Electrochemistry. Cyclic voltammograms were collected using a
CH-Instruments Electrochemical Analyzer 600C potentiostat with a
three electrode system consisting of a 1 mm² platinum disk working
electrode, a coiled platinum counter electrode, and a silver wire
pseudoreference.³² Potential scans were performed under an argon
purge in acetonitrile solutions containing 0.10 M tetrabutylammonium
hexafluorophosphate as supporting electrolyte and 0.5−0.8 mM
analyte. An internal ferrocene standard was added to each solution,
and potentials were referenced to SCE by setting the ferrocene
oxidation to 0.40 V.³³ Unless otherwise noted, positive scan polarity
and a scan rate of 0.10 V/s were employed.
Computational Methodology. All DFT calculations were carried
out with the Gaussian 03 suite.³⁴ Ground-state and excited-state
geometries (both singlet and triplet) for all complexes were evaluated
computationally using Becke’s three-parameter exchange functional
(B3)³⁵ in conjunction with the Lee, Yang, and Parr (LYP)^36,37
nonlocal functional using the default thresholds for gradient
convergence. The LANL2DZ basis set was employed for all
calculations.³⁸ The geometry optimization for complexes 2a and 3a
was performed with a C_s symmetry restriction, but the same minimum
energy and optimal coordinates were found without any constraints.
To model the complexes immediately after radiative relaxation, the
energy of a singlet electron configuration in the triplet geometry was
calculated. For each complex, time-dependent DFT (TD-DFT)
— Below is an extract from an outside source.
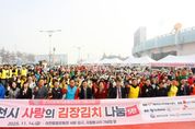[ 타임즈 - 김시창 기자 ] 이천시자원봉사센터는 11월 14일 이천종합운동장 서문 입구 자원봉사자탑 앞에서 자원봉사자 240여 명이 참여한 가운데 ‘2024 사랑의 김장김치 나눔’ 행사를 성공적으로 개최했다. 이번 행사는 탑머티리얼, 지엘산업개발, SK하이스텍, 세람저축은행, 이천중앙로타리클럽 등 5개 기업·단체의 지정기탁금 4,500만 원과 경기사회복지공동모금회의 후원으로 추진됐다. (재)이천시자원봉사센터가 주최·주관하여 지역사회에 온정을 전하는 의미 있는 나눔을 실천했다. 특히 올해 김장에는 기탁 기업 임직원과 장애인, 다문화가정, 북한이탈주민, 외국인 근로자 등 다양한 지역 구성원이 함께 참여해, 김장을 담그며 서로의 따뜻한 마음을 나누는 다문화·포용형 행사로 진행됐다. 이날 담근 김장김치 5,000포기는 이천시 14개 읍면동 행정복지센터와 사회복지기관을 통해 저소득층, 홀몸 어르신 등 지역 내 취약계층 1,100가구에 전달됐다. 김경희 시장은 “추운 날씨에도 참여해 주신 기업, 단체, 자원봉사자 여러분께 깊이 감사드린다”라며 “올해는 규모가 더욱 확대됐지만 모두의 따뜻한 마음 덕분에 행사를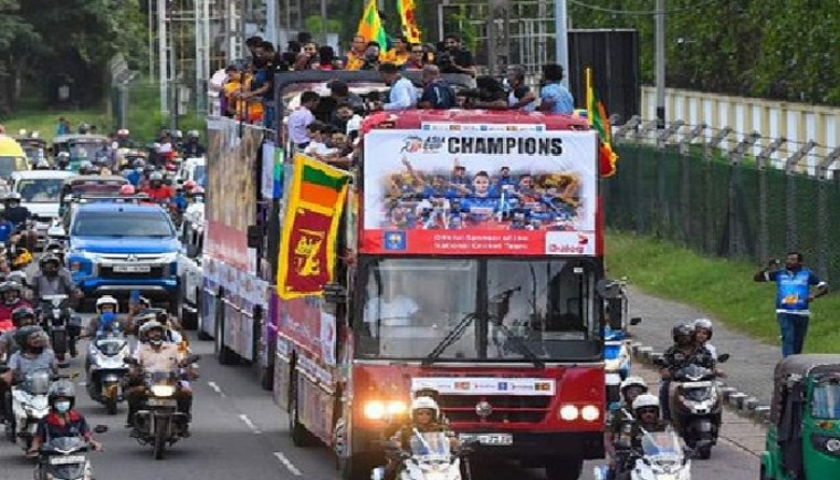 శ్రీలంక క్రికెట్ జట్టుకు సొంత దేశమైన శ్రీలంకలో అపూర్వ ఘన స్వాగతం లభించింది. ఆసియా కప్ లో టీమిండియా, పాకిస్థాన్ వంటి మేటి జట్లను ఓడించి టైటిల్ నెగ్గిన శ్రీలంక జట్టుకు స్వదేశంలో ఘనస్వాగతం లభించింది. యూఏఈ నుంచి కొలంబో చేరుకున్న ఆటగాళ్లను విమానాశ్రయం నుంచి ఓపెన్ టాప్ బస్సులో ఊరేగింపుగా తీసుకెళ్లారు. వేలాది మంది అభిమానులు తరలిరాగా లంక ఆటగాళ్లు ఆసియా కప్ ట్రోఫీని ప్రదర్శిస్తూ, తమ మద్దతుదారులకు అభివాదం చేస్తూ ముందుకు సాగారు. ఊరేగింపు పొడవునా అభిమానులు నినాదాలు చేయగా, టోర్నీ ఆసాంతం తమకు మద్దతుగా నిలిచిన అభిమానులకు లంక ఆటగాళ్లు కృతజ్ఞతలు తెలిపారు.

calculations were performed at the optimized ground-state geometry,
calculating the energy and oscillator strength for each of the 70 lowest
singlet excitations. Prediction of UV−vis absorption spectra was
accomplished using GaussSum 2.0.³⁹ Electronic transitions were
expanded as Gaussian curves with a full-width at half-maximum
(fwhm) for each peak set at 4000 cm⁻¹.
Photophysical Characterization. Photophysical measurements
were conducted at room temperature on 10 μM acetonitrile solutions
which were purged with argon for 5 min in capped quartz cuvettes.
UV−vis absorption spectra were obtained with a Shimadzu UV-1800
spectrophotometer. Photoluminescence was measured using a
Fluorolog-3 spectrophotometer equipped with dual monochromators
and a photomultiplier tube (PMT) at right angle geometry. All
compounds were excited at 380 nm. In order to calculate excited state
lifetimes, samples were pulsed at 337 nm with a Stanford Research
Systems NL 100 N₂ laser as emission decay was monitored with an
oscilloscope and converted into a linear regression via a Labview
interface. Quantum yields were determined using a 10 μM
[Ru(bpy)₃]²⁺ reference and the expression ϕ_s = ϕ_ref (I_s/I_ref)(A_ref/
A_s)(η_s/η_ref)⁴⁰ where ϕ_s is the sample’s quantum yield, ϕ_ref is the
reference’s established quantum yield (6.2%),⁴¹ I_s and I_ref represent
maximum emission intensities for the sample and reference, A_s and A_ref
are sample and reference absorbances at the excitation wavelength, and
η_ref and η_s represent the refractive indices of the solvents used in
reference and sample absorbance measurements. Emission intensities
were corrected for the detector’s response over the spectral range.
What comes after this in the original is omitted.